13. RACE-High (Acc.) 5-shot: DeepSeek V3 scored 51.3, which is lower than Qwen2.5 (50.3), LLaMA3.1 (56.8), and DeepSeek-V2 (52.6).
14. TriviaQA (EM) 5-shot: DeepSeek V3 scored 82.9, which is higher than Qwen2.5 (71.9), LLaMA3.1 (82.7), and DeepSeek-V2 (80.0).
15. NaturalQuestions (EM) 5-shot: DeepSeek V3 scored 40.0, which is higher than Qwen2.5 (33.2), LLaMA3.1 (41.5), and DeepSeek-V2 (38.6).
16. AGIEval (Acc.) 0-shot: DeepSeek V3 scored 79.6, which is higher than Qwen2.5 (75.8), LLaMA3.1 (60.6), and DeepSeek-V2 (57.5).
17. Code HumanEval (Pass@1) 0-shot: DeepSeek V3 scored 65.2, which is higher than Qwen2.5 (53.0), LLaMA3.1 (54.9), and DeepSeek-V2 (43.3).
18. MBPP (Pass@1) 3-shot: DeepSeek V3 scored 75.4, which is higher than Qwen2.5 (72.6), LLaMA3.1 (68.4), and DeepSeek-V2 (65.0).
19. LiveCodeBench-Base (Pass@1) 3-shot: DeepSeek V3 scored 19.4, which is higher than Qwen2.5 (12.9), LLaMA3.1 (15.5), and DeepSeek-V2 (11.6).
20. CRUXEval-I (Acc.) 2-shot: DeepSeek V3 scored 67.3, which is higher than Qwen2.5 (59.1), LLaMA3.1 (58.5), and DeepSeek-V2 (52.5).
21. CRUXEval-O (Acc.) 2-shot: DeepSeek V3 scored 67.3, which is higher than Qwen2.5 (59.1), LLaMA3.1 (58.5), and DeepSeek-V2 (52.5).

DeepSeek-V3's strong performance on various benchmarks demonstrates its potential as a strong challenger in the open-source AI landscape. Its innovative features, such as the MoE architecture, large-scale training, and efficient inference and training processes, contribute to its exceptional capabilities. As DeepSeek continues to refine and improve its models, investors should keep an eye on this promising AI research lab.

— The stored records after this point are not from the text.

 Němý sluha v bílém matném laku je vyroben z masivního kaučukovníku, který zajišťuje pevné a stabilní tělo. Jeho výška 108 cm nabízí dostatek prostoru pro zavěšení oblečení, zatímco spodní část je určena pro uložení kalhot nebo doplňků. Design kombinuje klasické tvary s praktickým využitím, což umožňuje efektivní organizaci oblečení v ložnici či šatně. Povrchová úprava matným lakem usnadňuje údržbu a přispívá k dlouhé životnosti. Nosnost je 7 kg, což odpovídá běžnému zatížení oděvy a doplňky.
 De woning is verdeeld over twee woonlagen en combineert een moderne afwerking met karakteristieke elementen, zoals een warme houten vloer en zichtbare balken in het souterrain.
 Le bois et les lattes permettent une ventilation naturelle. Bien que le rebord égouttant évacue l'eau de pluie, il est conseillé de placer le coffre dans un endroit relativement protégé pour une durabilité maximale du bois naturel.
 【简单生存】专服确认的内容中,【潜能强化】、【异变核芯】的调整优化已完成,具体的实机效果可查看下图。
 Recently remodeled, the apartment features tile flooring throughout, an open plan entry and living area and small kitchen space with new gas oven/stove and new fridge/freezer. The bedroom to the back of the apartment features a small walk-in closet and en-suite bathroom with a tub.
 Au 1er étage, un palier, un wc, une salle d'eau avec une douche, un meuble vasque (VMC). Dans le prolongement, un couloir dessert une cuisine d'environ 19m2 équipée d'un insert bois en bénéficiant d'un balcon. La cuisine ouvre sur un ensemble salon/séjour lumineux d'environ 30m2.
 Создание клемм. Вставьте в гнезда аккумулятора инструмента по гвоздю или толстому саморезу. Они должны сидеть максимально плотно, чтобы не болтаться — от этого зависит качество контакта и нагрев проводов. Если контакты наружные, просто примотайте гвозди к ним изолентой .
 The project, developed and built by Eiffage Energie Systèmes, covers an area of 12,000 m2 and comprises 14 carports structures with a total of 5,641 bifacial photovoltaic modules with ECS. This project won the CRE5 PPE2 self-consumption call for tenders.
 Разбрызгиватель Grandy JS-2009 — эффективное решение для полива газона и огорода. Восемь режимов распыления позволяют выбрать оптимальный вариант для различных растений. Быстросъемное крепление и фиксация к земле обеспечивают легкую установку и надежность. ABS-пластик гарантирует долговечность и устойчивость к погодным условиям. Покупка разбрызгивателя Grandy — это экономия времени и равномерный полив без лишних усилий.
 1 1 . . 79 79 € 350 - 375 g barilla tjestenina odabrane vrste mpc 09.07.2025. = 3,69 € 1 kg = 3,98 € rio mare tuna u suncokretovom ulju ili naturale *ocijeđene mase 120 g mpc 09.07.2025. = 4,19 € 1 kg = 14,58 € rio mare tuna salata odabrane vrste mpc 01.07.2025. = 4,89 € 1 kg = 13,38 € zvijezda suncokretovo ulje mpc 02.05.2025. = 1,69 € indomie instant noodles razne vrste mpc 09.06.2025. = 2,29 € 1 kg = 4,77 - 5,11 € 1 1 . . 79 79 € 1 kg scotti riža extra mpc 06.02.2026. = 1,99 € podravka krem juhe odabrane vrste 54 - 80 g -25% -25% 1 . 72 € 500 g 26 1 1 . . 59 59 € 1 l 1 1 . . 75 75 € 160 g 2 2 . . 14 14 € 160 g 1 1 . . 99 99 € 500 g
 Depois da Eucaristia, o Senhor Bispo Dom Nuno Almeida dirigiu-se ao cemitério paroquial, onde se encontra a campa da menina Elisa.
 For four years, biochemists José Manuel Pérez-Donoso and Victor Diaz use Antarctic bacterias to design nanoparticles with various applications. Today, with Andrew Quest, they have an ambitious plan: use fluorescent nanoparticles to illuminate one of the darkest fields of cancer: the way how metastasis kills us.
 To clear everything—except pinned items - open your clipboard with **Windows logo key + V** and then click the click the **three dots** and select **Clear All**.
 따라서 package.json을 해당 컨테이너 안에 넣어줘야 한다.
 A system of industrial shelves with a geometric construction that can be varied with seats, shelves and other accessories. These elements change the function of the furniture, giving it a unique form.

Investors looking to capitalize on the growing AI market should consider DeepSeek as a potential investment opportunity. With its strong performance and innovative approach to AI
Disclaimer: the above is a summary showing certain market information. AInvest is not responsible for any data errors, omissions or other information that may be displayed incorrectly as the data is derived from a third party source. Communications displaying market prices, data and other information available in this post are meant for informational purposes only and are not intended as an offer or solicitation for the purchase or sale of any security. Please do your own research when investing. All investments involve risk and the past performance of a security, or financial product does not guarantee future results or returns. Keep in mind that while diversification may help spread risk, it does not assure a profit, or protect against loss in a down market.